With very little research, I got the Turbo 500 still with the vertical condenser. Gives me very quality product (consistently get 90+% purity).

 

Then I used the Jim Beam wood chips to flavour. Have also bought one of those mini oak barrels that has had a batch in it for around 2 years now (not really sure when I should open it).

 

But what I found out is that the vertical condensers are better suited to your clear spirits as it strips all the flavour from the 'mash'. One of these days I will get the copper pot lid with the 'traditional' condenser.

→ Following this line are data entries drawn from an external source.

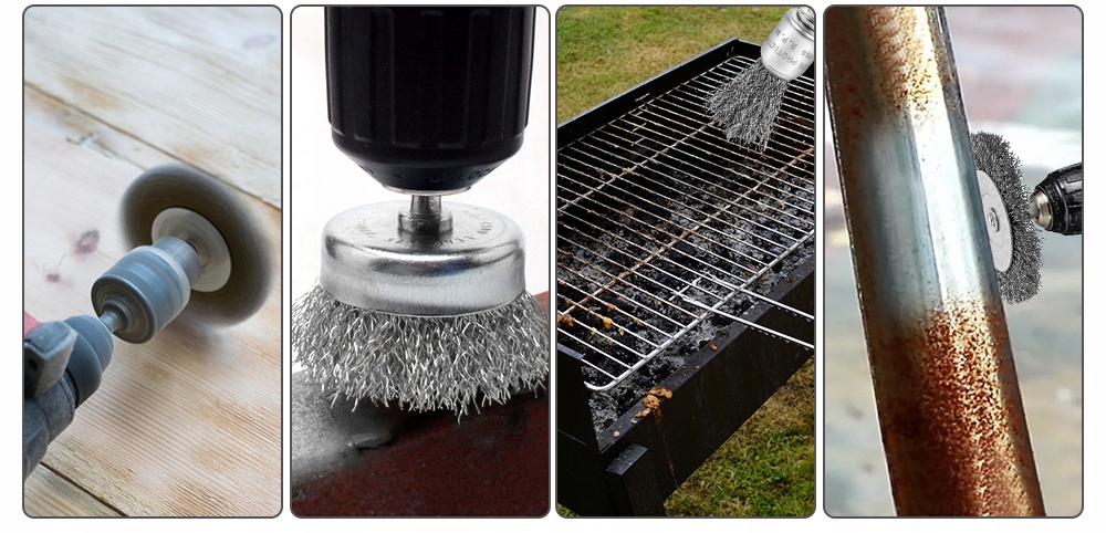Дротяні щітки можна використовувати для видалення іржі, полірування, догляду за деталями, обробки пофарбованих поверхонь, покриття, шліфування, зварювання, видалення задирок, очищення корпусу та паливного бака тощо.
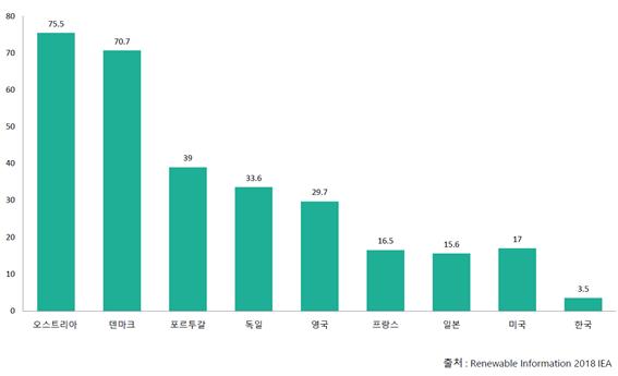 우리나라는 OECD 국가들 중, 발전량에서 재생에너지가 차지하는 비율이 가장 낮은 국가이다.
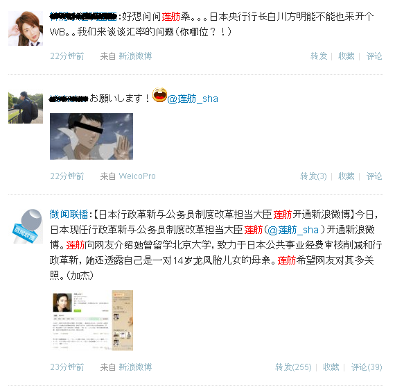 そんな新浪微博のVIPアカウントに民主党の蓮舫氏の名前がありました。
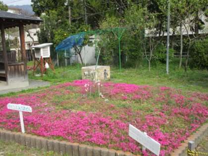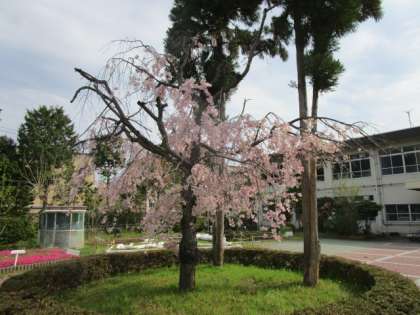しだれ桜が咲き続けています。もうそろそろ葉桜になろうとしているころです。シバザクラの花もきれいに咲き始めました。校章園のパンジーは,もうすぐマリーゴールドにお色直しをしますが,まだまだ咲き誇っています。

But quite honestly the stuff I'm making at the moment is dam good so not too worried.

 

But yes as others have said, the first couple of batches sucked! Mainly because I was impatient and didn't let the wood chips do their thing.

 

 

 

 

I built my own still a few years back out of an old keg, that puts out about at 94-95%. The spirits are so much smoother than any commercial brands. For clear spirits some of the flavourings available out there are terrific, I'm not a Gin drinker but have many friends who really enjoy the "Gin" I make.

 

I'm lucky as with some minor modifications I can reduce the reflux in my still and effectively turn my still into a pot still which I use mainly for Rum.

 

For Whisky and Bourbon the barrels play a huge part in the flavour and cant really be rushed, 3 - 4 years is pretty standard for them to stay in their barrels. I'm not patient enough to wait that long.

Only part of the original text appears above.